Performance on DREAM3 benchmark data
DREAM3 datasets about Yeast knock-out genes with sizes 10, 50, and 100 were used.
First, DDTG was applied to the Yeast gene expression data with network sizes 10 and 10 samples. The comparison of DDTG with other methods is shown in Figure 3A, where DDTG outperforms other methods significantly with an AUC score of 1.000. From Figure 3A, we can see that all of the edges were detected. The performance of DDTG and other methods with respect to PPV, ACC, MCC, and AUC are shown in Table 1, where DDTG is superior to other methods.
FIGURE 3.
ROC curves of several methods on networks with different sizes. The solid line with star points is the ROC curve of method DDTG. (A) The ROC curves on the network with size 10. (B) The ROC curves on the network with size 50. (C) The ROC curves on the network with size 100.
TABLE 1.
Comparison on networks with sizes 10, 50, and 100.
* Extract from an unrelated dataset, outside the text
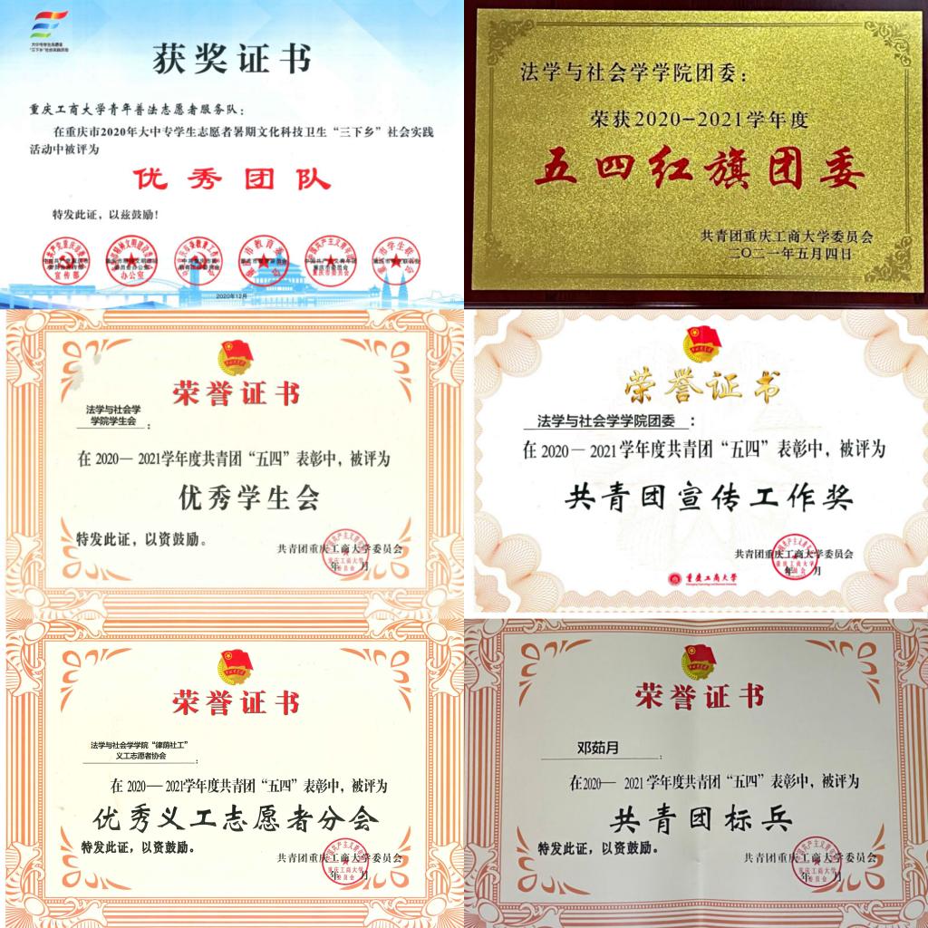 集体方面:太阳成tyc234cc重庆市青年普法志愿者服务队获全国、重庆市社会实践活动优秀团队、太阳成tyc234cc分团委获五四红旗团委、共青团宣传工作奖、太阳成tyc234cc分团委学生会获优秀学生会、太阳成tyc234cc“律荫社工”义工志愿者协会获优秀义工志愿者协会。

| Method | TPR | FPR | PPV | ACC | MCC | AUC |
|---|---|---|---|---|---|---|
| Size 10 | ||||||
| LASSO | 0.600 | 0.837 | 0.082 | 0.211 | −0.191 | 0.703 |
| LP | 0.100 | 0.412 | 0.029 | 0.533 | −0.202 | 0.738 |
| RO | 0.100 | 0.500 | 0.024 | 0.456 | −0.252 | 0.798 |
| ARACNE | 0.900 | 0.112 | 0.500 | 0.888 | 0.618 | 0.930 |
| GENIE3_FR_sqrt | 0.700 | 0.112 | 0.437 | 0.867 | 0.483 | 0.919 |
| GENIE3_FR_all | 0.700 | 0.138 | 0.389 | 0.844 | 0.442 | 0.894 |
| NARROMI | 0.700 | 0.050 | 0.636 | 0.922 | 0.623 | 0.938 |
| DDTG | 1.000 | 0.000 | 1.000 | 1.000 | 1.000 | 1.000 |
| Size 50 | ||||||
| LASSO | 0.351 | 0.129 | 0.081 | 0.855 | 0.113 | 0.711 |
| LP | 0.389 | 0.085 | 0.130 | 0.899 | 0.182 | 0.669 |
| RO | 0.494 | 0.131 | 0.109 | 0.857 | 0.181 | 0.727 |
| ARACNE | 0.597 | 0.082 | 0.192 | 0.908 | 0.303 | 0.832 |
| GENIE3_FR_sqrt | 0.481 | 0.078 | 0.167 | 0.908 | 0.245 | 0.843 |
| GENIE3_FR_all | 0.442 | 0.073 | 0.164 | 0.912 | 0.231 | 0.796 |
| NARROMI | 0.532 | 0.062 | 0.217 | 0.925 | 0.307 | 0.839 |
| DDTG | 0.779 | 0.063 | 0.284 | 0.931 | 0.445 | 0.856 |
| Size 100 | ||||||
| LASSO | 0.403 | 0.112 | 0.175 | 0.861 | 0.199 | 0.696 |
| LP | 0.129 | 0.017 | 0.305 | 0.935 | 0.169 | 0.581 |
| RO | 0.245 | 0.056 | 0.206 | 0.906 | 0.175 | 0.580 |
| ARACNE | 0.118 | 0.016 | 0.304 | 0.936 | 0.161 | 0.695 |
| GENIE3_FR_sqrt | 0.007 | 0.001 | 0.308 | 0.944 | 0.040 | 0.710 |
| GENIE3_FR_all | 0.053 | 0.006 | 0.337 | 0.941 | 0.115 | 0.665 |
| NARROMI | 0.138 | 0.014 | 0.364 | 0.939 | 0.197 | 0.696 |
| DDTG | 0.635 | 0.185 | 0.169 | 0.805 | 0.254 | 0.726 |
The best performer for the relative item is noted in bold. LASSO, a regression method; LP, a linear programing-based method; RO, a recursive optimization-based method; ARACNE, a MI-based method; GENIE3, a random forest-based method; NARROMI, a method based on RO and MI; DDTG, a method based on dissecting the downstream target nodes.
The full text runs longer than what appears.